==== Input

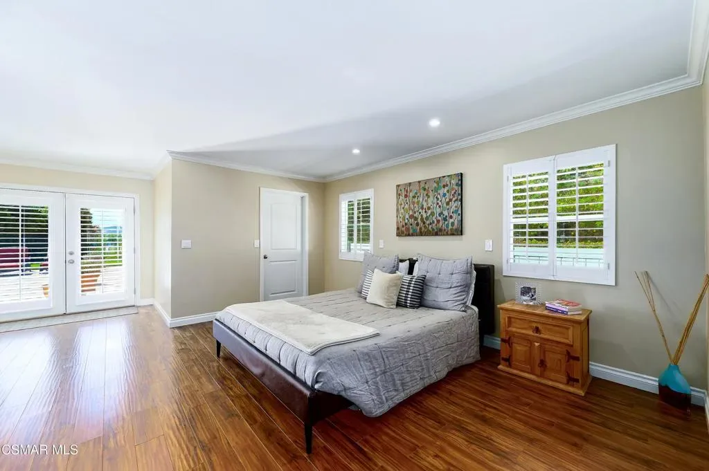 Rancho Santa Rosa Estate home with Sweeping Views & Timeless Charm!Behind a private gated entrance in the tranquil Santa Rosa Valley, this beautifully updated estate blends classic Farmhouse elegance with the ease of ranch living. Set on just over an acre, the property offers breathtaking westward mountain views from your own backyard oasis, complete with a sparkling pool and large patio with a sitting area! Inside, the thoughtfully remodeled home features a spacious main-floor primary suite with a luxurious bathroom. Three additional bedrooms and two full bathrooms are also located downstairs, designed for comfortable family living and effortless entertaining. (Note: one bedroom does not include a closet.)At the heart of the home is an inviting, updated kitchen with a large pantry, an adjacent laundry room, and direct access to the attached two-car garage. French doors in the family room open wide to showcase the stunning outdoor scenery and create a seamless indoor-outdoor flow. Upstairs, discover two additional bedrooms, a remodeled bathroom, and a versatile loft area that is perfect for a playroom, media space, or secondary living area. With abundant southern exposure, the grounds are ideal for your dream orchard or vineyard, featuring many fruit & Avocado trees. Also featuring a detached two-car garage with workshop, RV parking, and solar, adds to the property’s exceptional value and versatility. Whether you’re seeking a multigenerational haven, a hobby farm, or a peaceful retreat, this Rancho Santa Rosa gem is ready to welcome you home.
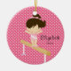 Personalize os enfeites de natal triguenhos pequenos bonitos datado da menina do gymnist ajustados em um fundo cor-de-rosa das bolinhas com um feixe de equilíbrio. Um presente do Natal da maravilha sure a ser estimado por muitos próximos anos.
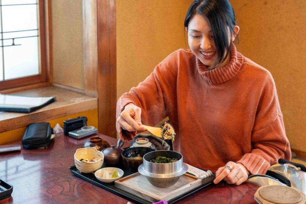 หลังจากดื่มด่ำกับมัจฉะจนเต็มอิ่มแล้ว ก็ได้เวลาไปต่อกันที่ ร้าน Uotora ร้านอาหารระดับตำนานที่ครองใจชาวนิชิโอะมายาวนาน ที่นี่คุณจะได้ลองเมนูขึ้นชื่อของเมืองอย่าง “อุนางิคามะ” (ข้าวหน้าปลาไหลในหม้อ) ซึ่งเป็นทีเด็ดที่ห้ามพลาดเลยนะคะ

========
==== Input

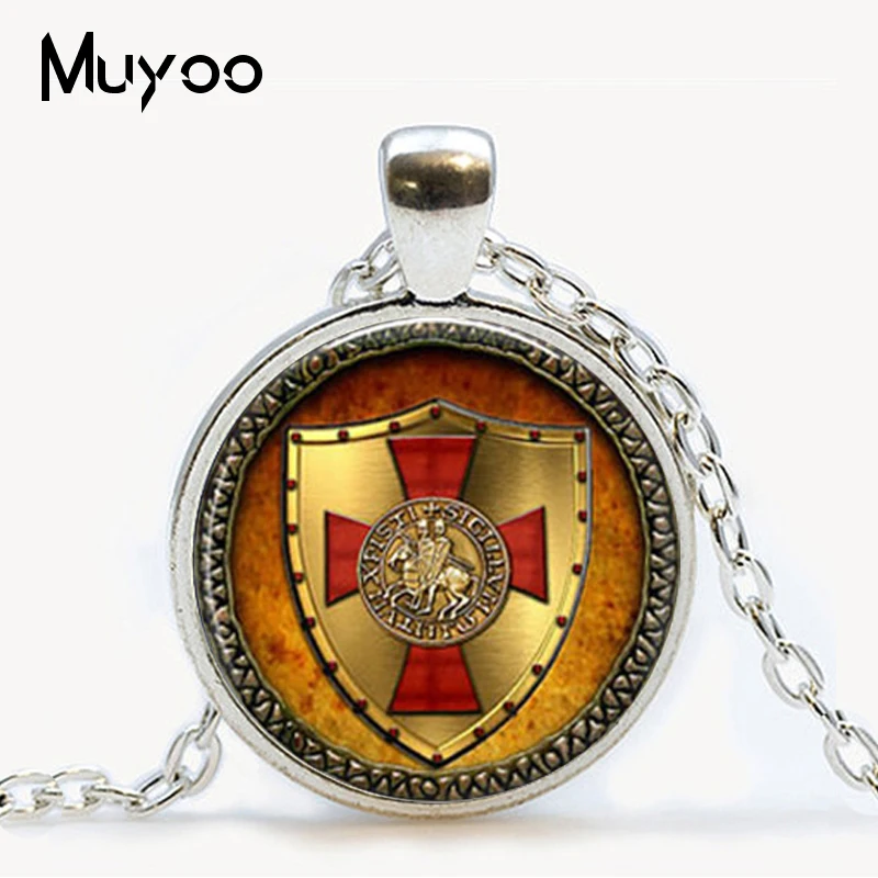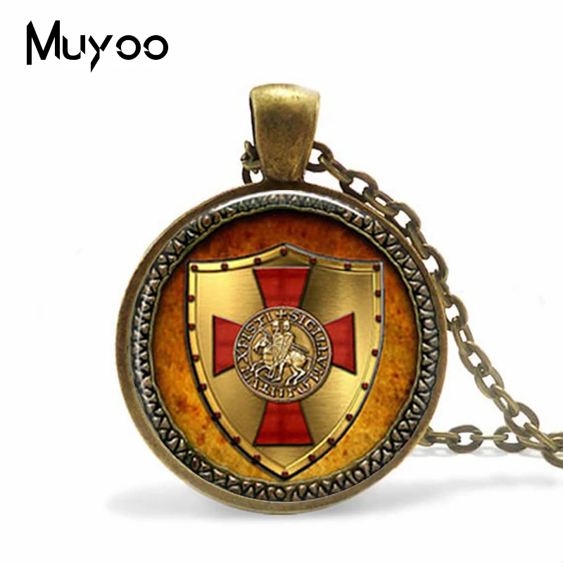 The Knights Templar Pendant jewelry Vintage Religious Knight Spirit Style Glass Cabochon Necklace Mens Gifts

========
==== Input

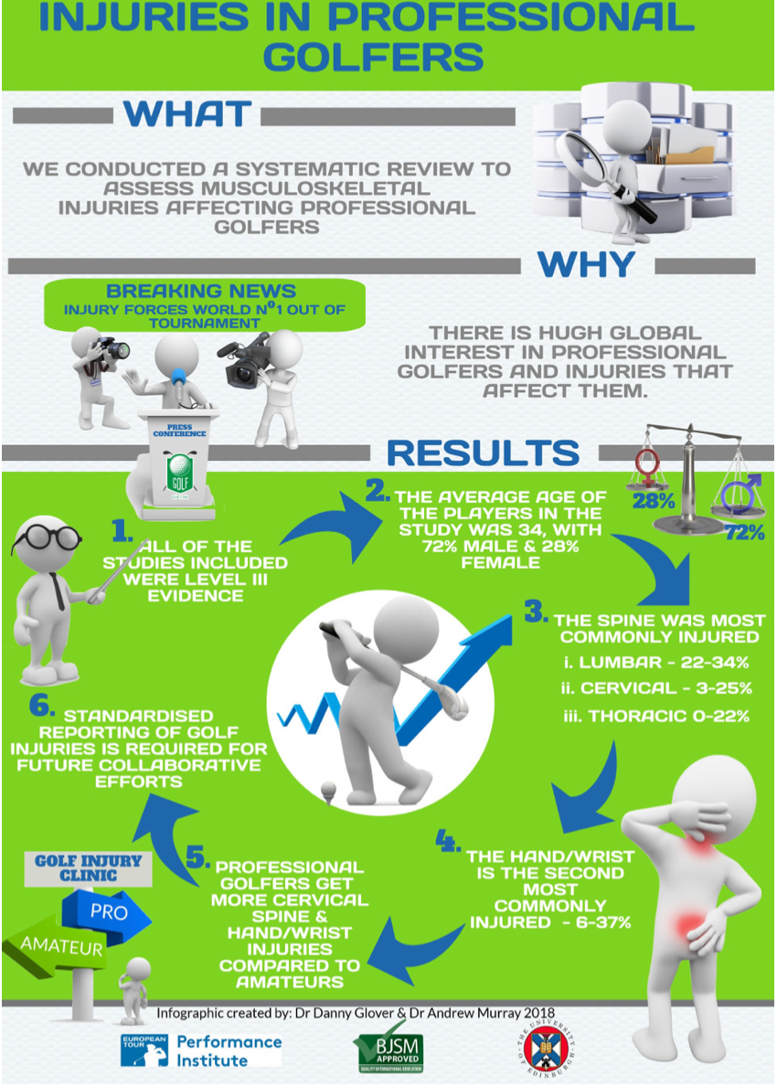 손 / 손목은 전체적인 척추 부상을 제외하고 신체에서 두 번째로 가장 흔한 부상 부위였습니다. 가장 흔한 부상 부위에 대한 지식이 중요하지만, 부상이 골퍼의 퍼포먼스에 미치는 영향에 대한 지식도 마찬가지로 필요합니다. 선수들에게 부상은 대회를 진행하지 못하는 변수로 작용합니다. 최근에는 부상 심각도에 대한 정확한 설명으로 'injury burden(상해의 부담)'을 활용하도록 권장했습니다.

========

§ Task directions:
In the listing above, find the line containing "Personalize os enfeites" and the line containing "หลังจากดื่มด่ำกับมัจฉะจนเต็มอิ่มแล้ว ก็ได้เวลาไปต่อกันที่ ร้าน", then print exactly those two lines and every line between them, minus the pictures.

§ Solution to the exercise:
 Personalize os enfeites de natal triguenhos pequenos bonitos datado da menina do gymnist ajustados em um fundo cor-de-rosa das bolinhas com um feixe de equilíbrio. Um presente do Natal da maravilha sure a ser estimado por muitos próximos anos.
 หลังจากดื่มด่ำกับมัจฉะจนเต็มอิ่มแล้ว ก็ได้เวลาไปต่อกันที่ ร้าน Uotora ร้านอาหารระดับตำนานที่ครองใจชาวนิชิโอะมายาวนาน ที่นี่คุณจะได้ลองเมนูขึ้นชื่อของเมืองอย่าง “อุนางิคามะ” (ข้าวหน้าปลาไหลในหม้อ) ซึ่งเป็นทีเด็ดที่ห้ามพลาดเลยนะคะ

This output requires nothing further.